The figure is considerably larger than life, and, if he was to stand up, would not fit on the painting’s surface. This combination of enlargement and compression gives the figure a sense of power and confidence. Obama looks at the viewer with an intense directness. Wiley gives him not even a hint of the familiar smile.
The remarkable aspect of the portrait is its leafy background, which is as visually engaging as the figure. Wiley represents a wide variety of leaf shapes, indicating that this is not a vine, but a composite of different leaves, from which grow equally variable flowers. Many of these are symbolic — the blue flower of Kenya, a flower from Hawaii and another from Chicago.
The level of detail in the painting is almost exhausting for the careful viewer and gives the picture a dose of the nervous intensity exhibited by Obama himself.

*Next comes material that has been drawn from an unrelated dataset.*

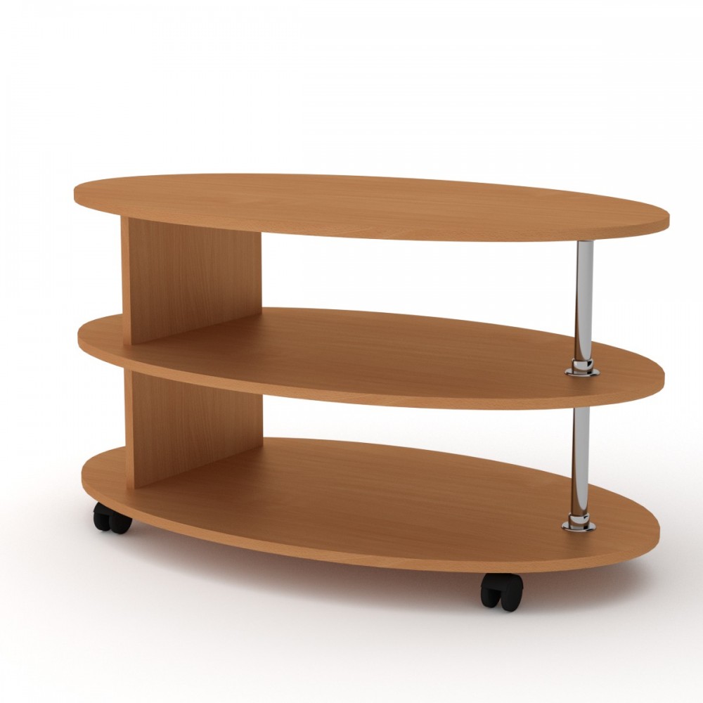 Стол журнальный Соната среднего размера, имеет овальную форму. Занимает не много места, но достаточно вместителен. Дополнительный декоративный элемент - хромированные трубы.
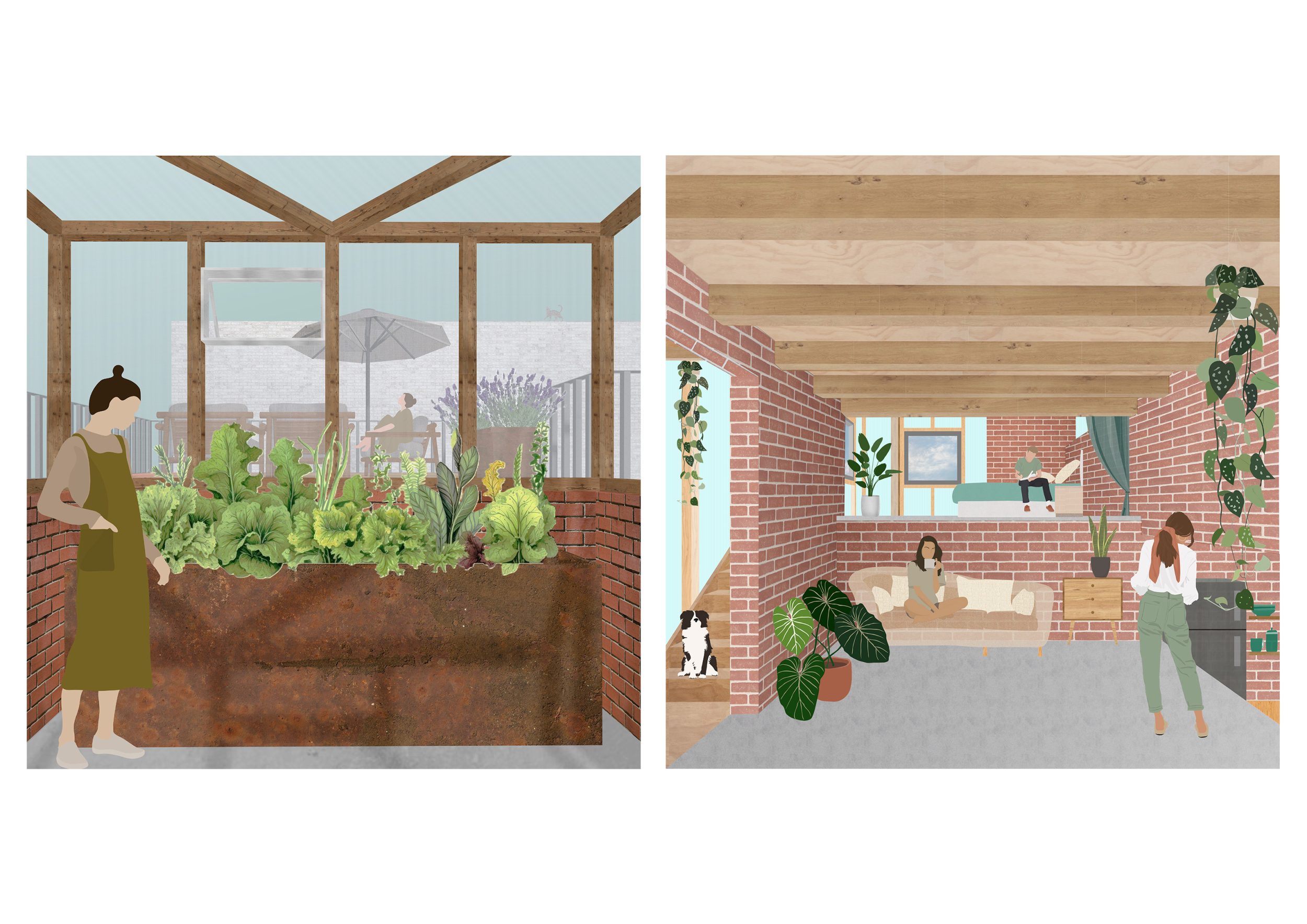 Der Gegensatz der massiven Backsteine und der leichten Holz-Polycarbonat-Konstruktion geben dem Gebäude auch in seiner Materialität einen besonderen Ausdruck. Das Zusammenspiel der Materialien findet sich auch in den Bodenbelägen der Innen- und Außenräume wieder, welche den Wechsel zwischen der Massiven Struktur aus Backstein und der skelettartigen Struktur des Holzanbaus widerspiegeln.

Sherald’s portrait of Michelle Obama is the opposite of Wiley’s portrait. Its format is more square, and the surfaces so smooth that one has little sense of the painter’s own gestures. Sherald lets the coolness of the baby-boy blue background create the atmosphere for the painting. Michelle is gray, rather than brown, and that too intensifies the coolness and abstractness of the painting.
She is seated, but without visual support. It is almost as if her colorful, full-length patterned dress supports her. The dress calls attention to itself, forcing us to ask who designed it. The answer is a small company called Milly and its founder and chief designer, Michelle Smith. Fashionistas will know the name, but few of Dallas’ grande dames would likely be aware of this dress, which costs around $400.
What is remarkable about the portrait is the sober seriousness of the first lady. The perpetually smiling, athletic Michelle Obama is represented as arrested in thought. The wonderful rubbery arms have their origins in the famous 19th-century female portraits of the French master Jean-Auguste-Dominique Ingres, particularly those of his portrait of the Comtesse d’Haussonville in the Frick Collection.
Sherald will have none of the sly smile of Leonardo’s
Mona Lisa, and Michelle looks out at us with inexpressive dark eyes and with closed lips untouched by lipstick. Is this the Michelle Obama we know and love — of the White House vegetable garden, exercise for kids, late-night dancing at inaugural balls and an almost explosive sense of life and fun? Decidedly not. Sherald gives us a Michelle Obama less for now than for the ages, as a queen without a crown, gazing at her future viewers with calm assurance.
The portraits are decidedly unlike the staid official likenesses of their predecessors, George W. and Laura Bush — and indeed, unlike any others to hang in the National Portrait Gallery. They represent two powerful and important individuals against invented backdrops with little suggestion of place.
They call out for us to reconsider Michelle and Barack Obama not as powerful figures, but as individuals in American society.
Rick Brettell is the founding director of the Edith O’Donnell Institute of Art History at the University of Texas at Dallas and a former director of the Dallas Museum of Art.